Parental Gut Microbiota Dysbiosis Drives Transgenerational DNA Methylation Transmission and Autism-like Behaviors in Offspring

Background Autism spectrum disorder (ASD) presents a complex neurodevelopmental disorder whose origins remain elusive. Emerging research underscores the potential impact of parental environmental exposures on ASD risk in offspring. While the interplay between the "microbiota-gut-brain axis" and epigenetics is increasingly acknowledged in ASD pathogenesis, their comprehensive effects and regulatory mechanisms have not yet been fully revealed. Our hypothesis posits that parental dysbiosis in gut microbiota may engender transgenerational transmission of DNA methylation abnormalities to offspring, consequently modulating their gut microbiota composition, gene expression profiles, and metabolites levels through the "microbiota-gut-brain axis". This multifaceted interplay potentially triggers ASD-like behaviors. Results We conducted fecal microbiota transplantations (FMT) from human donors diagnosed with ASD or typically developing (TD) controls into antibiotic-treated mice, revealing that colonization with ASD microbiota triggered distinct autistic-like behaviors in both male and female offspring.

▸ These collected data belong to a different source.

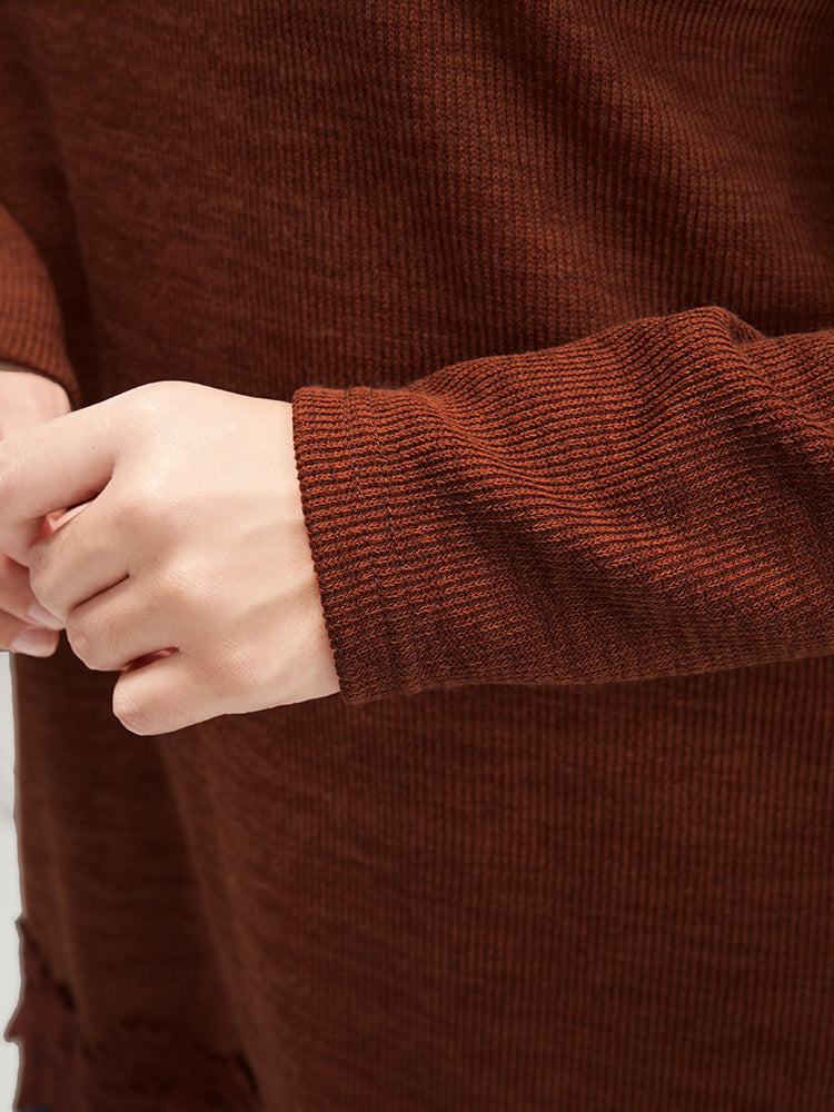 Solid Lace Asymmetrical Hem Funnel Neck Sweatshirt
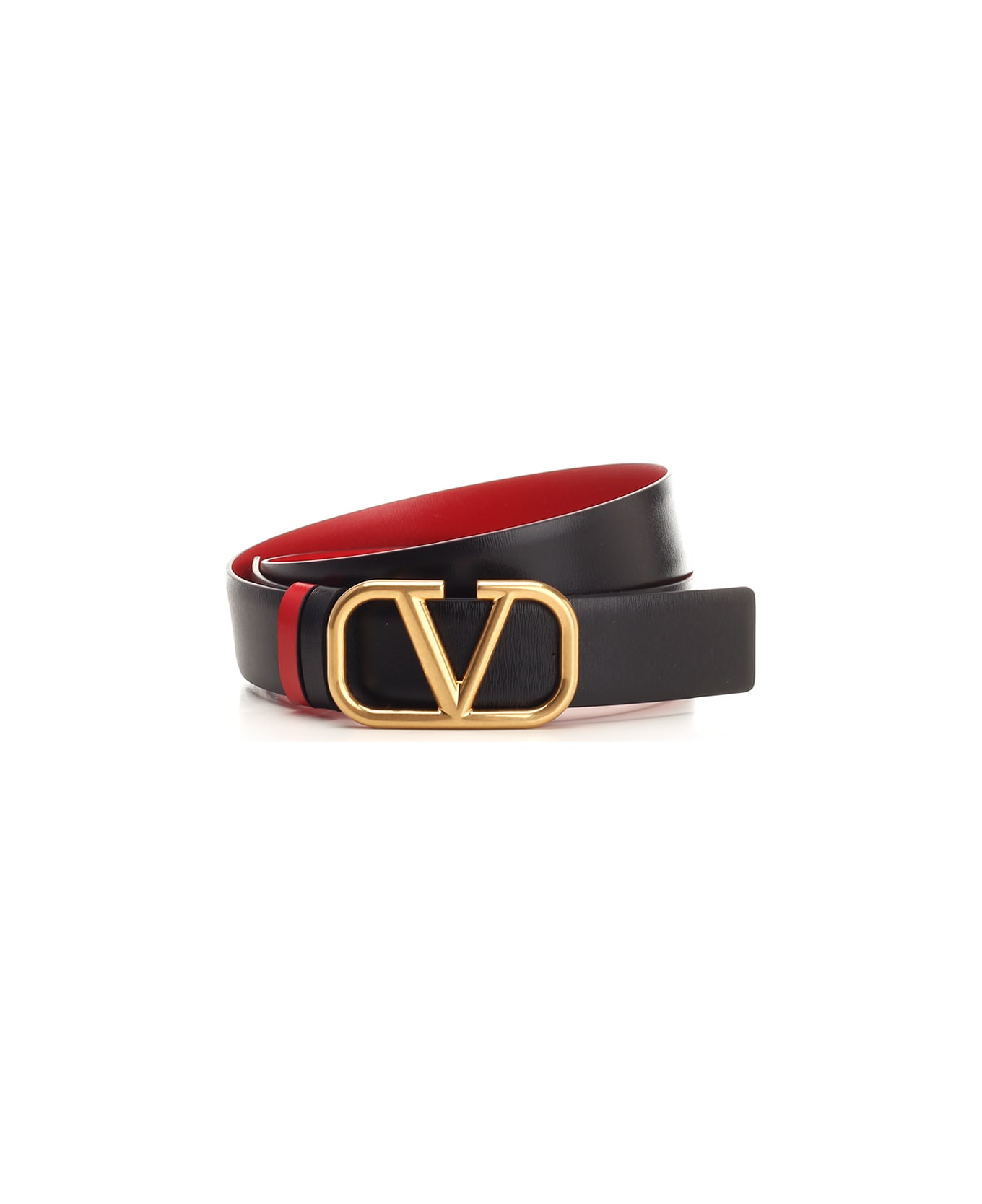 Black and red leather "V-Logo" reversible belt from Valentino Garavani with antiqued brass finish buckle. Composition: I CALF LEATHER - BOS TAURUS
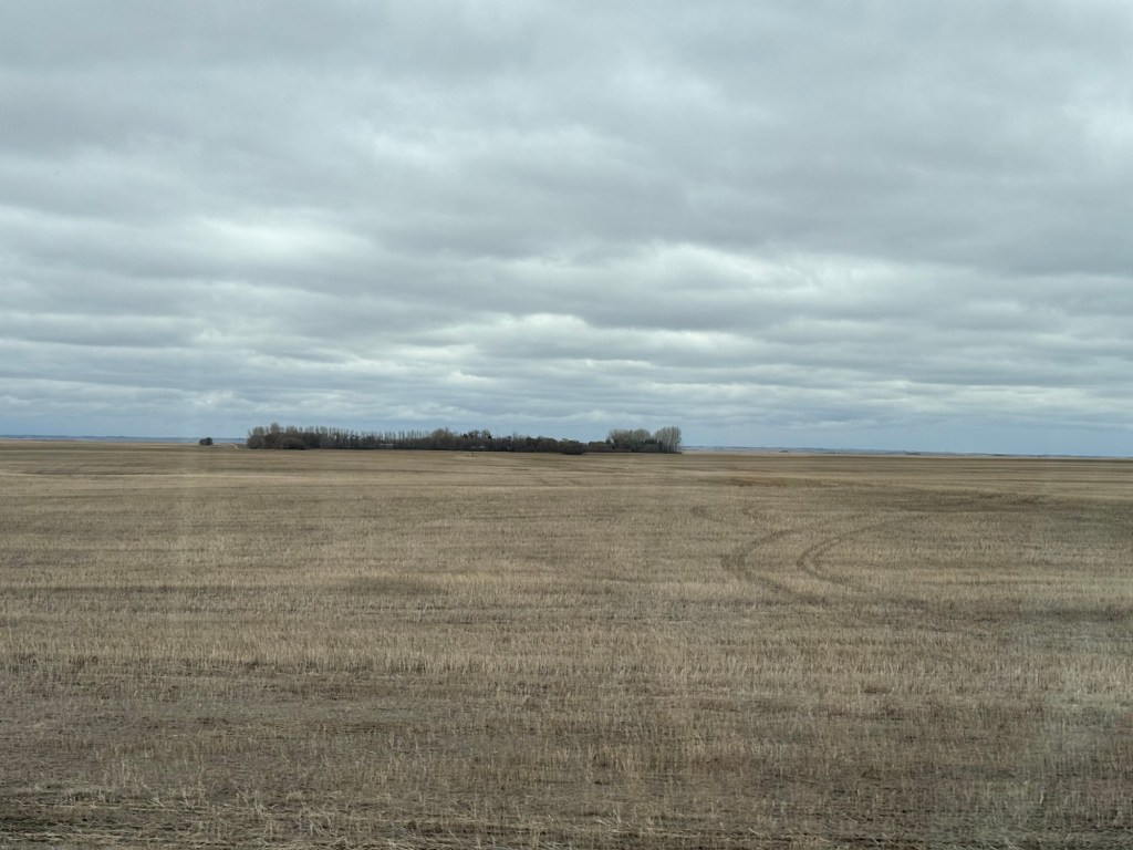 We spent the day traveling across the Canadian prairie. I grew up in this area, so it was nice to see it again from the train. This picture is fairly typical of what I remember from my childhood.
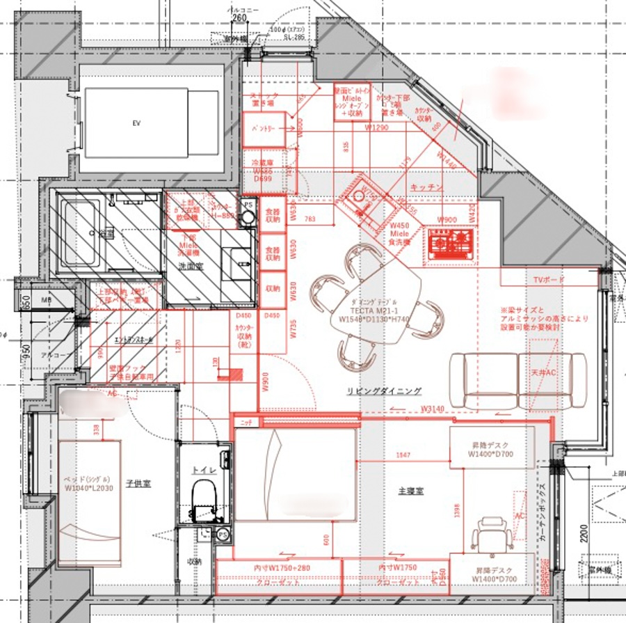 こちらは前回までのお打合せで作っていたラフプランです。図面上では成立している寸法も、実際の空間で感じる距離感や広さは異なって感じることがあります。窓との関係やキッチンとダイニングの距離、通路幅、家具の配置を一緒に確認していきました。(途中段階のプランのため、最終的な計画とは異なります)
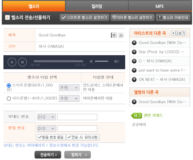 4. 마음에 드는 곡을 고르면 미리 들어볼 수 있는 상세 화면으로 이동합니다. 여기서는 스마트폰과 아이폰 중 기종에 맞는 파일 형식을 선택할 수 있고, 수신음을 받을 사람의 번호를 입력하여 보내는 과정이 이루어집니다.
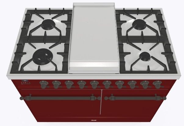 • Тип конфорок: 4 газовые конфорки, Dual конфорка, жарочная поверхность Fry Top
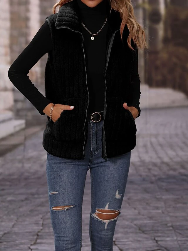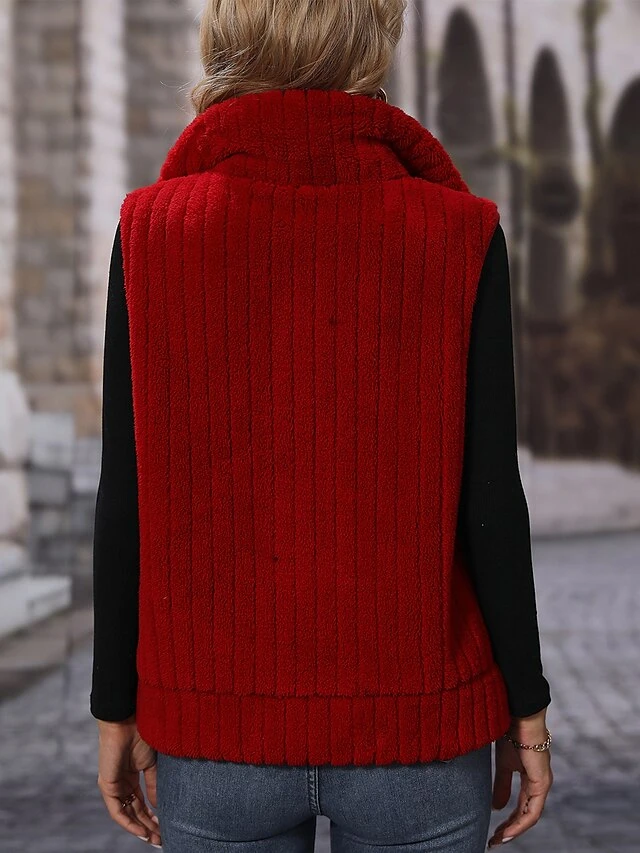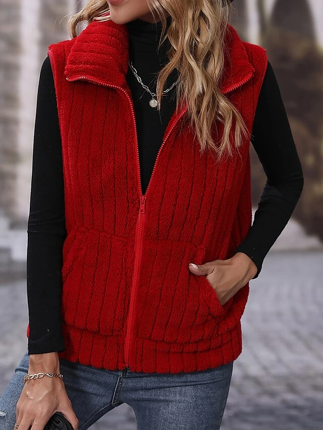 Women’s Winter Coat Sherpa Vest Fleece Sleeveless Teddy Coat Christmas Xmas Gilet Fall Thermal Warm Windproof Heated Jacket Zip Up Red Coat
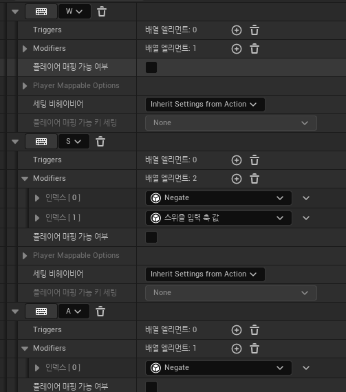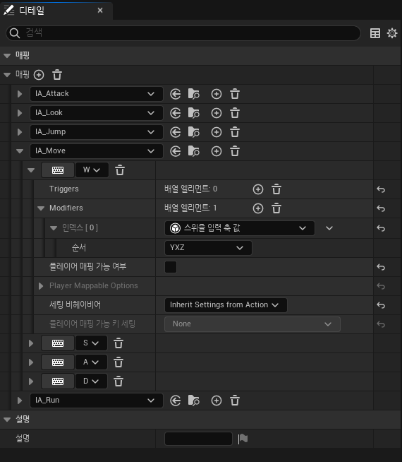 입력 액션에는 아직 키가 바인딩 되어 있지 않다. 단순히 입력 받은 키값에 대한 값을 프로젝트에서 어떻게 인식할 것인지에 대한 설정을 하는 것이 기본이다.
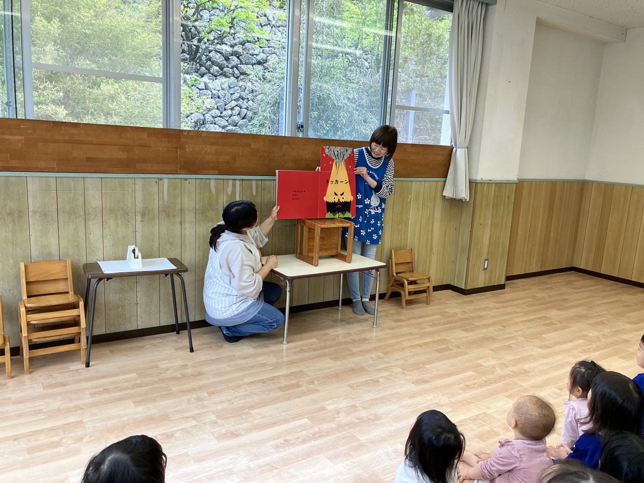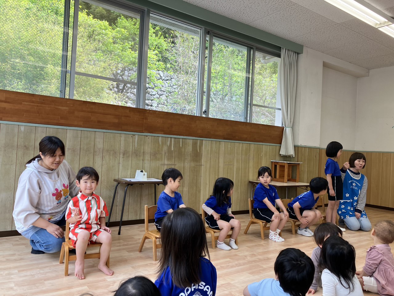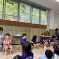 名前を呼ばれると、ちょっと恥ずかしそうにしながらも、しっかり前に出て「好きな食べ物は?」「大きくなったら何になりたい?」などの質問にも、元気に答えてくれて、みんなから拍手が起こりました。先生からの出し物では、大型絵本やクイズで盛り上がりました^^
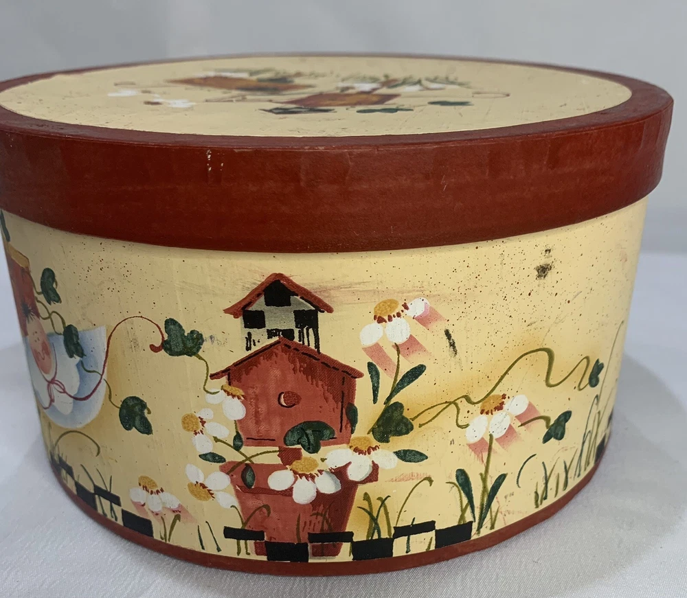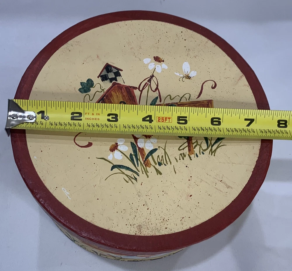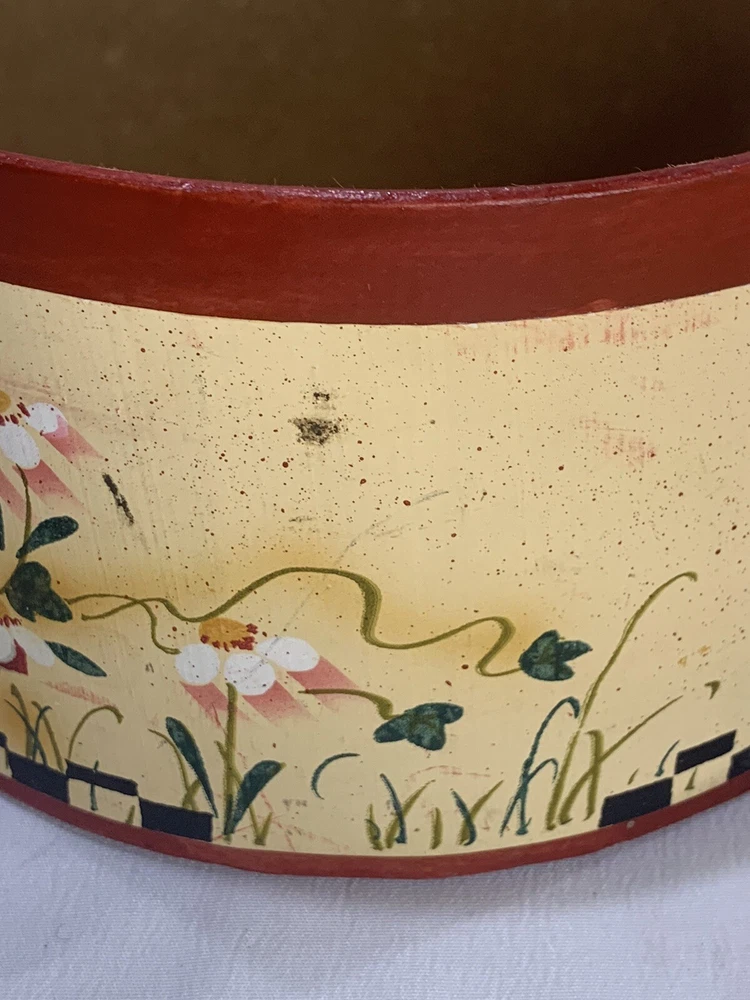 This is a very cute vintage storage box. It does have some wear due to age and use . It’s in overall good condition. Please review all photos for details and measurements.
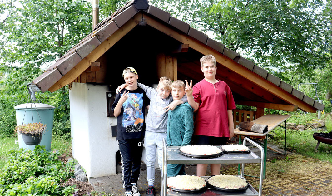Zutaten auswählen, eine Pizza selber belegen und anschließend dick mit Käse bestreuen – das macht Jung und Alt gleichermaßen Spaß. Davon konnte man sich kürzlich bei der „HBW Heimat. Begleitung. Wohnen.“ überzeugen. Die Rentner im Haus Am Konradsberg hatten die inklusive Ferienbetreuung des Vereins „Lebenspfade Oberberg“ zu Gast. In lebhafter Runde bereiteten die jungen und alten Leute ihr gemeinsames Mittagessen vor, halfen beim Ausbacken der Pizzen im hauseigenen Backes und ließen es sich gemeinsam schmecken.
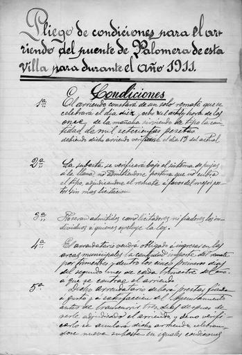 | Keywords: Pliego de condiciones para el arriendo del puente de Palomera.jpg ca Fins al començament del segle XX per accedir al poble de Llavorsí calia pagar un peatge al pont de la Palomera sobre el riu Noguera Pallaresa El peatge funcionà fins el 1921 1911 http //xac gencat cat/web/ content/xac/01_continguts_arxius_comarcals/ac_pallars_sobira/03_documents_escollits_acps/imatges/fitxers/pontatge1 jpg author other versions PD-old-70-1923 1911 texts Historical documents of Catalonia Llavorsí Uploaded with UploadWizard |
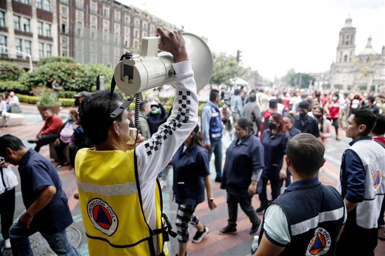 9月19日,在墨西哥首都墨西哥城,民防人员引导室外避险的民众。
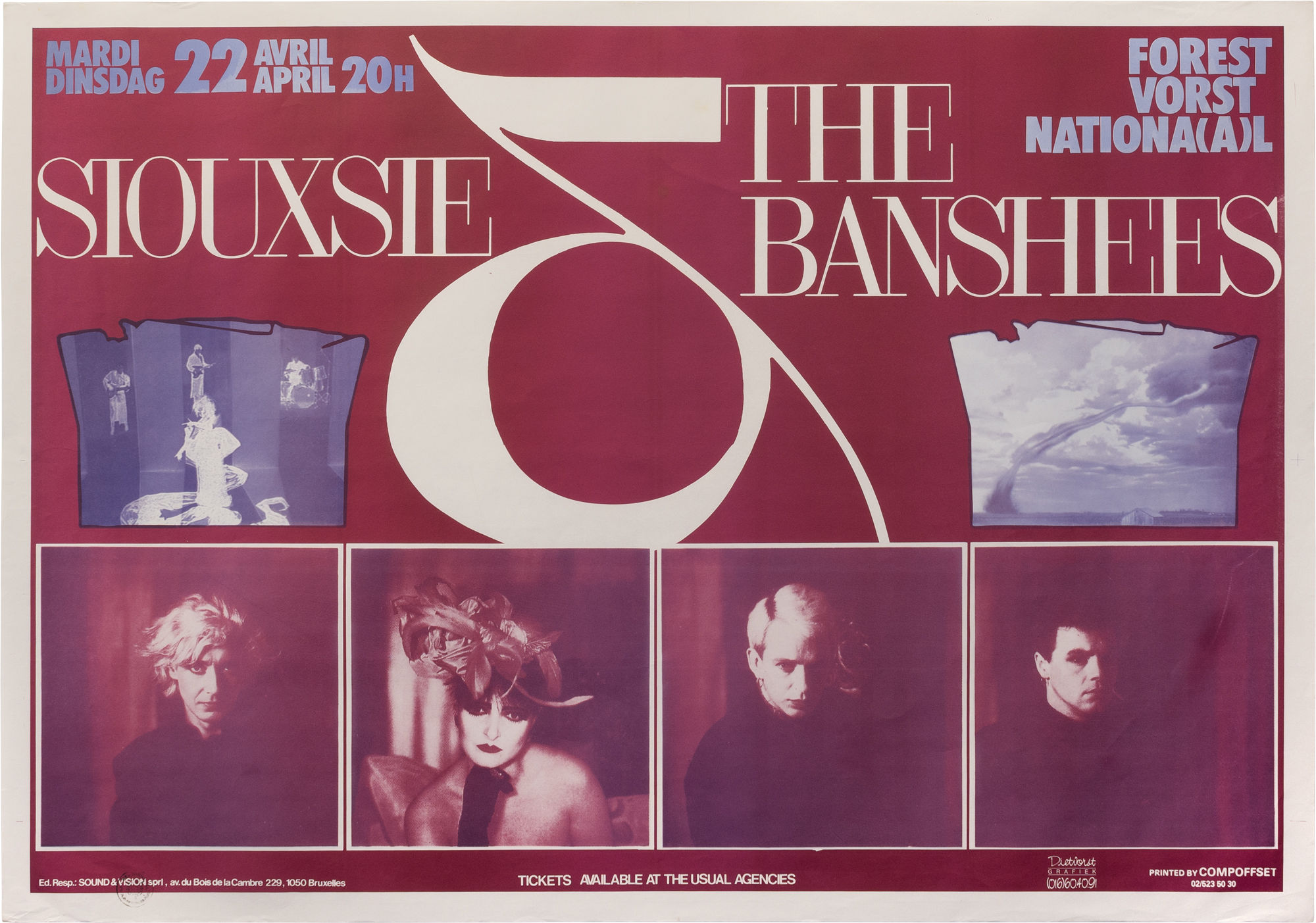 Original Belgian concert poster for a performance by Siouxsie and the Banshees at Forest National, Vorst, April 22, 1986
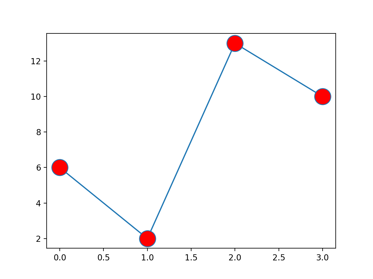 我们可以自定义标记的大小与颜色,使用的参数分别是:- markersize,简写为 ms:定义标记的大小。
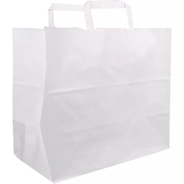 Bag, Kraft, flat paper handle, 32 x 22 x 26cm, snack bag, white, 250 pieces

These offspring exhibited pathological changes in both the brain and intestines, alongside significant alterations in their gut microbiota, serum metabolome, and brain transcriptome. Notably, colonization with ASD microbiota induced changes in methylation levels of ASD-related genes in parental mice, with some methylation sites being transmitted transgenerationally to the offspring. Employing a multi-omics sequential mediation network, we elucidated potential mechanisms underlying behavioral differences in mice across genders. Conclusions Our findings delineate a link between parental gut microbiota dysbiosis, transgenerational DNA methylation, and the emergence of ASD-like traits, uncovering an epigenetic basis for the clinical observation that parents of children with ASD are typically asymptomatic.